* [Source data]:
##############################

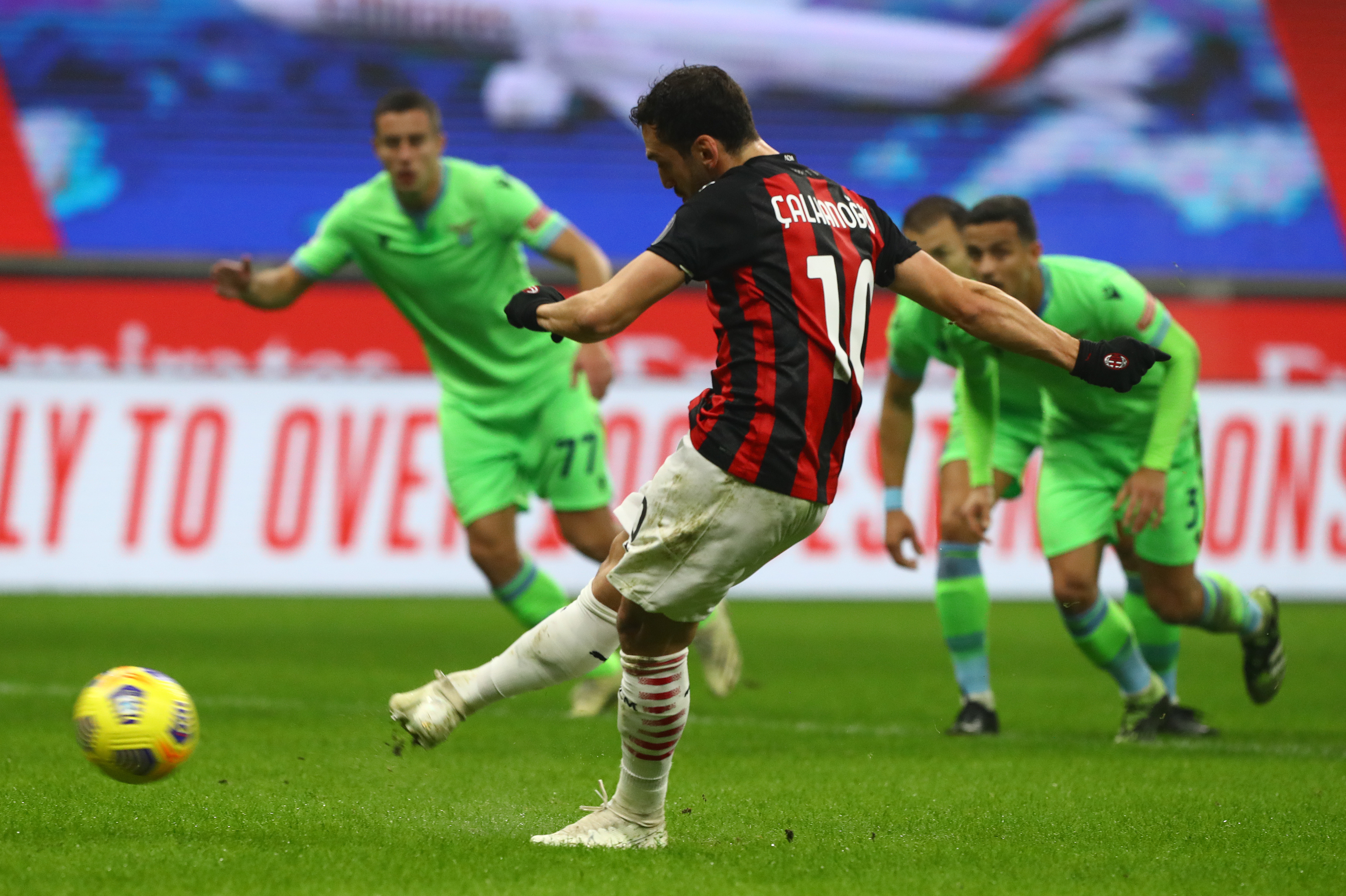 MILAN, ITALY - DECEMBER 23: Hakan Calhanoglu of AC Milan scores their sides second goal from the penalty spot during the Serie A match between AC Milan and SS Lazio at Stadio Giuseppe Meazza on December 23, 2020 in Milan, Italy. Sporting stadiums around Italy remain under strict restrictions due to the Coronavirus Pandemic as Government social distancing laws prohibit fans inside venues resulting in games being played behind closed doors. (Photo by Marco Luzzani/Getty Images)
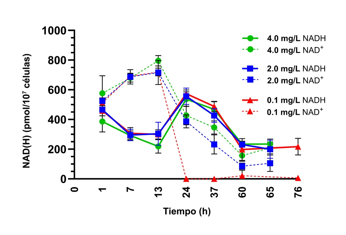 Las concentraciones de los cofactores redox NAD⁺ y NADH fueron cuantificadas a lo largo de la fermentación (Figura 2). Inicialmente, los niveles de NAD⁺ (la forma oxidada) aumentó hasta el final de la fase de latencia (13 h). Cuando las células transitaron a la fase exponencial, los niveles de NAD⁺ cayeron drásticamente en cada tratamiento, reflejando el arranque de la actividad metabólica y un aumento en la tasa de crecimiento celular. Durante esta fase, el NAD⁺ es rápidamente reducido a NADH, que se acumula durante la glucólisis y el ciclo de los ácidos tricarboxílicos. La producción de etanol, dióxido de carbono y otros metabolitos refleja la estrategia de la levadura para mantener el balance entre los cofactores oxidados y reducidos.
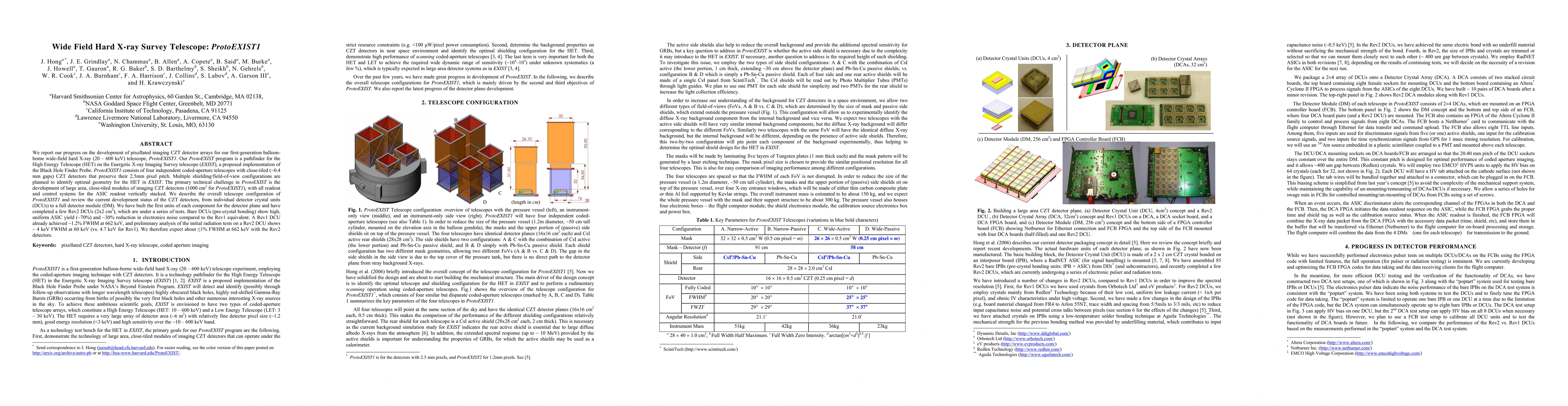 The paper reports on the development of pixellated imaging CZT detector arrays for ProtoEXIST1, a first-generation balloon-borne wide-field hard X-ray telescope. The project aims to identify optimal configurations for the High Energy Telescope (HET) on the EXIST mission. Initial tests on the new Rev2 detector units show significant improvements in performance and noise reduction compared to the previous Rev1 version.
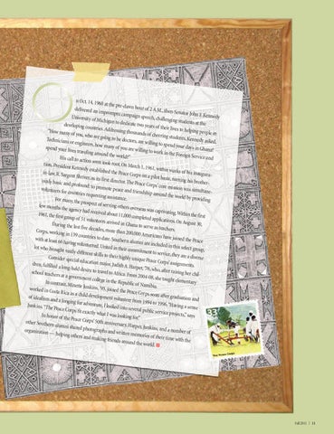 n Oct. 14, 1960 at the pre-daw n hour of 2 A delivered an im .M., then-Sen promptu cam ator John F. K paign speech ennedy University of , ch allenging stud Michigan to d en ts at the edicate two ye developing co ars of their liv untries. Addre es to helping ssing thousan “How many of people in ds of cheerin you, who are g students, Ken going to be d Technicians or n ed oc y asked, to rs, are willing engineers, how to spend your m an y d ay of spend your liv s in Ghana? you are willin es traveling ar g to work in th ound the wor e Fo re ig n Se rvice and ld?” His call to acti on soon took root. On March tion, Presiden 1, 1961, within t Kennedy esta weeks of his in blished the Pe in-law, R. Sarg ac augurae Corps on a pilo ent Shriver, as t b as is it , s n am fi rs in t d g ir his brotherously basic an ector. The Peac d profound: to e Corps’ core mission was si promote peace volunteers for multaneand friendship countries requ around the w esting assistan or ld by p ro ce viding . For many, the prospect of se rving others ov few months th erseas was ca e agency had ptivating. Wit received abou 1961, the first hin the first t 11 ,0 00 completed ap group of 51 vo plications. On lunteers arrive August 30, d in Ghana to During the la serve as teach st five decades er s. , more than 20 Corps, workin 0,000 Americ g in 139 coun ans have join tr ie s to d ate. Southern ed the Peace with at least 66 alumni are in having volunt cluded in this eered. United lot who brough select group, in their comm t vastly differe itment to serv nt skills to th ic e, they are a d eir highly uniq iverse Consider spec ue Peace Corp ial education s’ assignments. m ajor, Judith A. dren, fulfilled Harper, ’76, w a long-held d ho, after raisin esire to travel school teacher to g her chilA fr ic a. From 2004-0 s at a governm 8, she taught ent college in el em the Republic entary In contrast, M of Namibia. inette Junkin s, ’93, joined th worked in Cos e Peace Corps ta Rica as a ch soon after grad ild developm of idealism an uation and en t vo lunteer from d a longing fo 1994 to 1996. r adventure, I “H Junkins. “The av ing a sense looked into se Peace Corps fi veral public se t exactly what rv ic e p ro je cts,” says I was looking In honor of th for.” e Peace Corps’ 50th anniversa other Souther ry, Harper, Ju n alumni shar nkins, and a n ed p h ot og raphs and wri organization umber of — helping ot tten memorie hers and mak s of their tim e ing friends ar with the ound the wor ld. n

##############################

* [Exercise objective]: Produce the full material again verbatim, with the pictures dropped.

* [Task response]:
 MILAN, ITALY - DECEMBER 23: Hakan Calhanoglu of AC Milan scores their sides second goal from the penalty spot during the Serie A match between AC Milan and SS Lazio at Stadio Giuseppe Meazza on December 23, 2020 in Milan, Italy. Sporting stadiums around Italy remain under strict restrictions due to the Coronavirus Pandemic as Government social distancing laws prohibit fans inside venues resulting in games being played behind closed doors. (Photo by Marco Luzzani/Getty Images)
 Las concentraciones de los cofactores redox NAD⁺ y NADH fueron cuantificadas a lo largo de la fermentación (Figura 2). Inicialmente, los niveles de NAD⁺ (la forma oxidada) aumentó hasta el final de la fase de latencia (13 h). Cuando las células transitaron a la fase exponencial, los niveles de NAD⁺ cayeron drásticamente en cada tratamiento, reflejando el arranque de la actividad metabólica y un aumento en la tasa de crecimiento celular. Durante esta fase, el NAD⁺ es rápidamente reducido a NADH, que se acumula durante la glucólisis y el ciclo de los ácidos tricarboxílicos. La producción de etanol, dióxido de carbono y otros metabolitos refleja la estrategia de la levadura para mantener el balance entre los cofactores oxidados y reducidos.
 The paper reports on the development of pixellated imaging CZT detector arrays for ProtoEXIST1, a first-generation balloon-borne wide-field hard X-ray telescope. The project aims to identify optimal configurations for the High Energy Telescope (HET) on the EXIST mission. Initial tests on the new Rev2 detector units show significant improvements in performance and noise reduction compared to the previous Rev1 version.
 n Oct. 14, 1960 at the pre-daw n hour of 2 A delivered an im .M., then-Sen promptu cam ator John F. K paign speech ennedy University of , ch allenging stud Michigan to d en ts at the edicate two ye developing co ars of their liv untries. Addre es to helping ssing thousan “How many of people in ds of cheerin you, who are g students, Ken going to be d Technicians or n ed oc y asked, to rs, are willing engineers, how to spend your m an y d ay of spend your liv s in Ghana? you are willin es traveling ar g to work in th ound the wor e Fo re ig n Se rvice and ld?” His call to acti on soon took root. On March tion, Presiden 1, 1961, within t Kennedy esta weeks of his in blished the Pe in-law, R. Sarg ac augurae Corps on a pilo ent Shriver, as t b as is it , s n am fi rs in t d g ir his brotherously basic an ector. The Peac d profound: to e Corps’ core mission was si promote peace volunteers for multaneand friendship countries requ around the w esting assistan or ld by p ro ce viding . For many, the prospect of se rving others ov few months th erseas was ca e agency had ptivating. Wit received abou 1961, the first hin the first t 11 ,0 00 completed ap group of 51 vo plications. On lunteers arrive August 30, d in Ghana to During the la serve as teach st five decades er s. , more than 20 Corps, workin 0,000 Americ g in 139 coun ans have join tr ie s to d ate. Southern ed the Peace with at least 66 alumni are in having volunt cluded in this eered. United lot who brough select group, in their comm t vastly differe itment to serv nt skills to th ic e, they are a d eir highly uniq iverse Consider spec ue Peace Corp ial education s’ assignments. m ajor, Judith A. dren, fulfilled Harper, ’76, w a long-held d ho, after raisin esire to travel school teacher to g her chilA fr ic a. From 2004-0 s at a governm 8, she taught ent college in el em the Republic entary In contrast, M of Namibia. inette Junkin s, ’93, joined th worked in Cos e Peace Corps ta Rica as a ch soon after grad ild developm of idealism an uation and en t vo lunteer from d a longing fo 1994 to 1996. r adventure, I “H Junkins. “The av ing a sense looked into se Peace Corps fi veral public se t exactly what rv ic e p ro je cts,” says I was looking In honor of th for.” e Peace Corps’ 50th anniversa other Souther ry, Harper, Ju n alumni shar nkins, and a n ed p h ot og raphs and wri organization umber of — helping ot tten memorie hers and mak s of their tim e ing friends ar with the ound the wor ld. n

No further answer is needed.